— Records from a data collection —
● ● ●
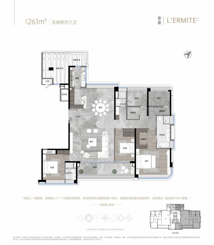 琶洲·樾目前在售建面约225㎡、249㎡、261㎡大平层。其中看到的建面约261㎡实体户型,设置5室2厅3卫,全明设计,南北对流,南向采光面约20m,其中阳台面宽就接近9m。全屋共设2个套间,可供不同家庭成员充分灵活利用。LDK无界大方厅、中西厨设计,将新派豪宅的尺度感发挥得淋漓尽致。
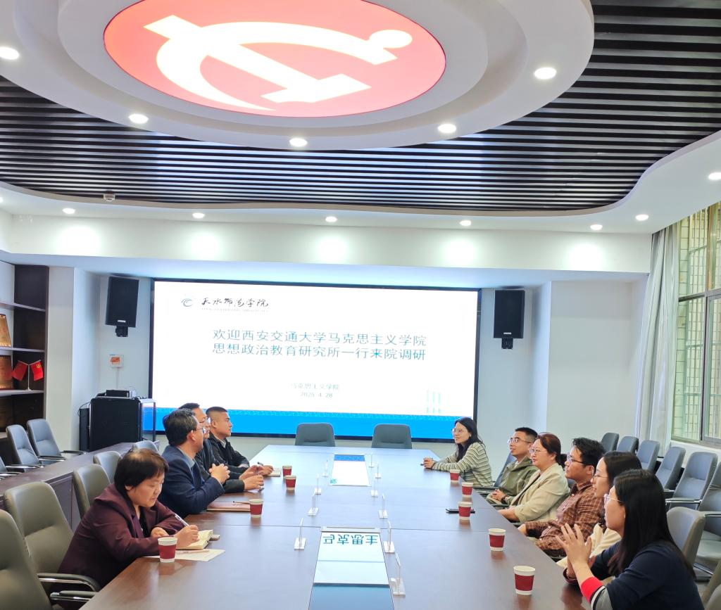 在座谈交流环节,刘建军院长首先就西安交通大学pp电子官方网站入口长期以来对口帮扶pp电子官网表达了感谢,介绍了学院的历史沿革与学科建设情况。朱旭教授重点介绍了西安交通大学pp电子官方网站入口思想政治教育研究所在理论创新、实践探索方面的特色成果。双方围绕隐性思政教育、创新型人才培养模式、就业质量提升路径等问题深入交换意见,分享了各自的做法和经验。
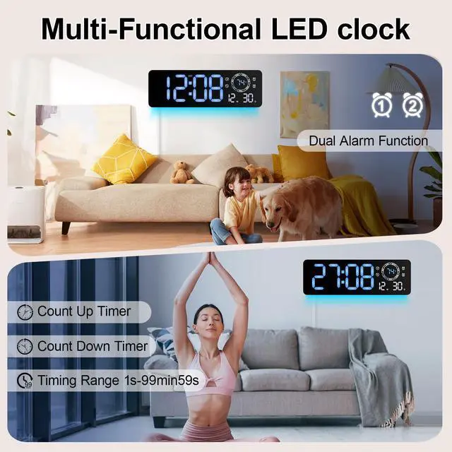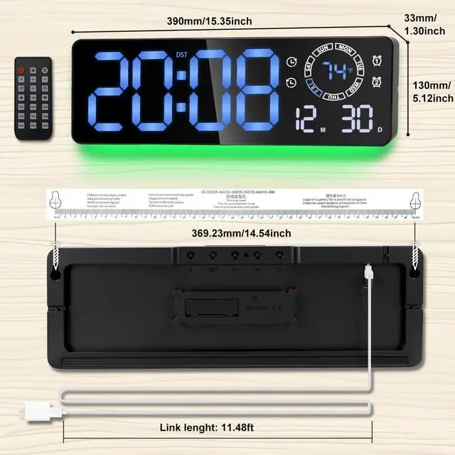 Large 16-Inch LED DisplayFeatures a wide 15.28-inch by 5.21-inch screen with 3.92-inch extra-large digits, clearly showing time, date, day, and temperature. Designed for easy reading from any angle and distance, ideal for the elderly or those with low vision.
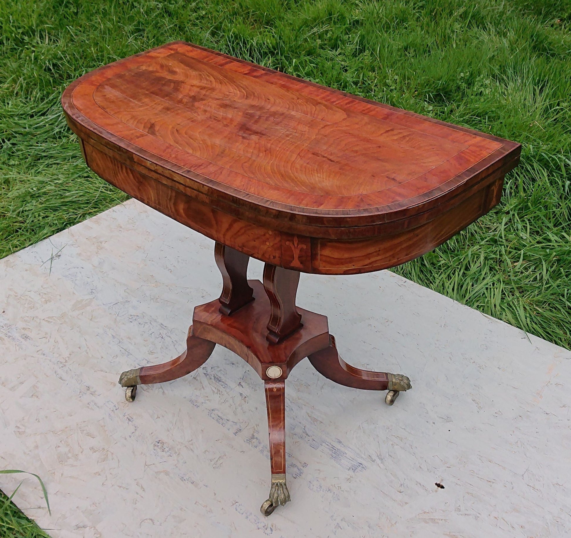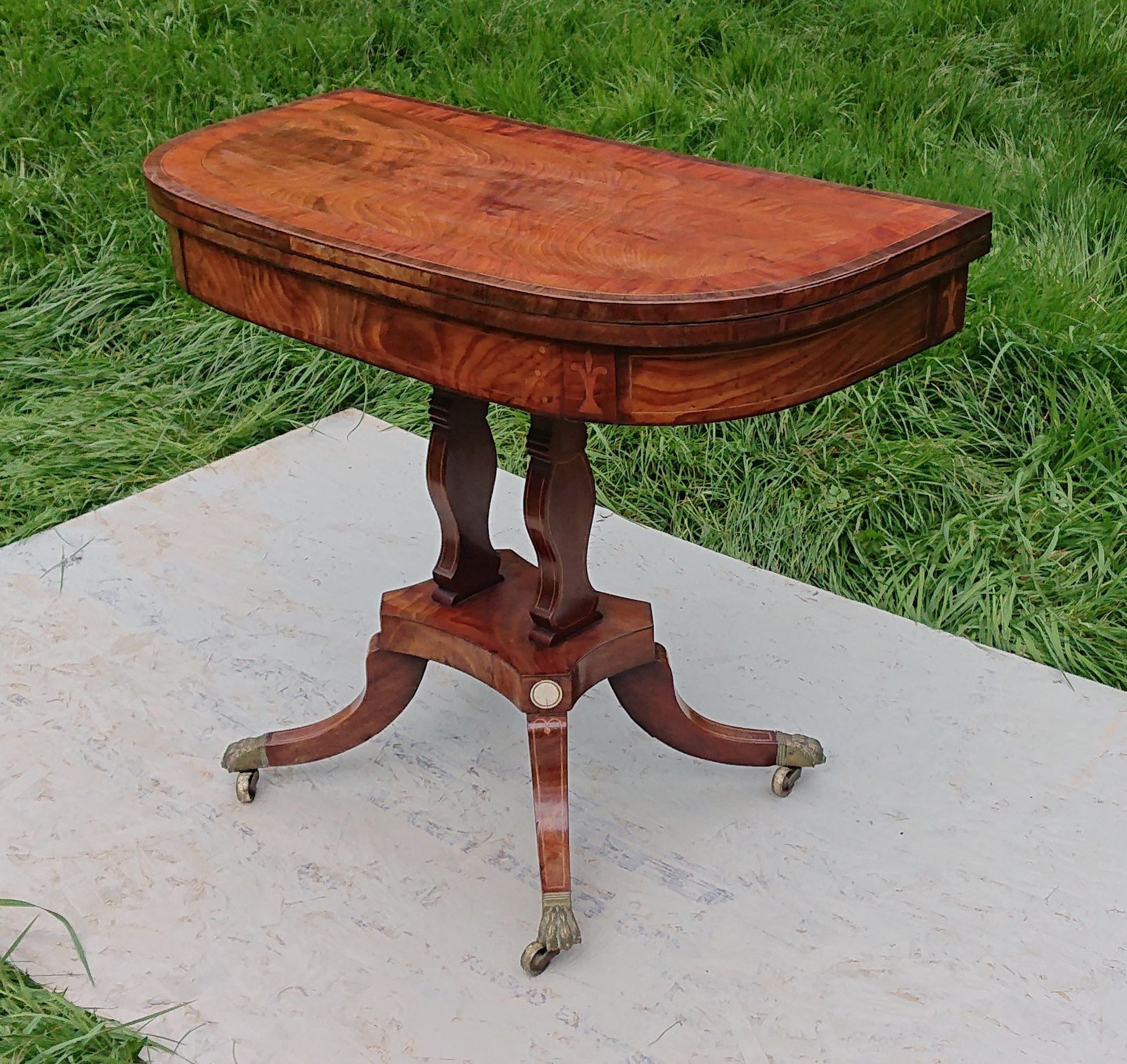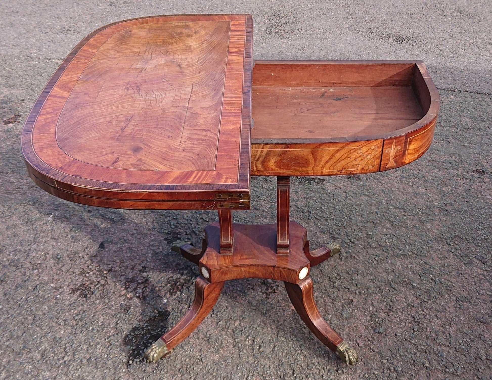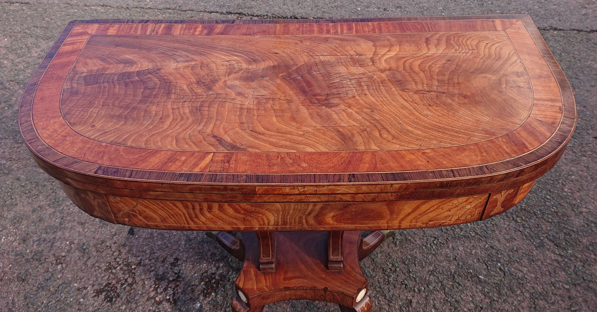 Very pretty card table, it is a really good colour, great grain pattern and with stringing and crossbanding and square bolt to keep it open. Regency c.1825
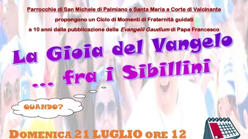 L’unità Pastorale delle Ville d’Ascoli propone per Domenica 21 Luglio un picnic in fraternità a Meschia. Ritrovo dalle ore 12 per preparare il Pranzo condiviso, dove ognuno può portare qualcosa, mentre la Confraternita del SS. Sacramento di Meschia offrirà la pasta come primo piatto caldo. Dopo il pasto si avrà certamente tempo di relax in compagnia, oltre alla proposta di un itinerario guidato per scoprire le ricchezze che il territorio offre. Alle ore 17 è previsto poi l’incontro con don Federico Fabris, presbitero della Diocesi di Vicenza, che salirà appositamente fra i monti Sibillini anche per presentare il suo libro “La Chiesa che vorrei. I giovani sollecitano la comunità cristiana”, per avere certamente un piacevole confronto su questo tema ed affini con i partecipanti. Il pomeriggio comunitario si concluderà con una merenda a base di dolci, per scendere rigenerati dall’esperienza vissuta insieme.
● ● ●
— ASSIGNED TASK —
Pictures are to be left out, and the lines from the beginning of the records through the line with "Large 16-Inch LED" are to be printed exactly, with nothing added.

— YOUR RESPONSE —
 琶洲·樾目前在售建面约225㎡、249㎡、261㎡大平层。其中看到的建面约261㎡实体户型,设置5室2厅3卫,全明设计,南北对流,南向采光面约20m,其中阳台面宽就接近9m。全屋共设2个套间,可供不同家庭成员充分灵活利用。LDK无界大方厅、中西厨设计,将新派豪宅的尺度感发挥得淋漓尽致。
 在座谈交流环节,刘建军院长首先就西安交通大学pp电子官方网站入口长期以来对口帮扶pp电子官网表达了感谢,介绍了学院的历史沿革与学科建设情况。朱旭教授重点介绍了西安交通大学pp电子官方网站入口思想政治教育研究所在理论创新、实践探索方面的特色成果。双方围绕隐性思政教育、创新型人才培养模式、就业质量提升路径等问题深入交换意见,分享了各自的做法和经验。
 Large 16-Inch LED DisplayFeatures a wide 15.28-inch by 5.21-inch screen with 3.92-inch extra-large digits, clearly showing time, date, day, and temperature. Designed for easy reading from any angle and distance, ideal for the elderly or those with low vision.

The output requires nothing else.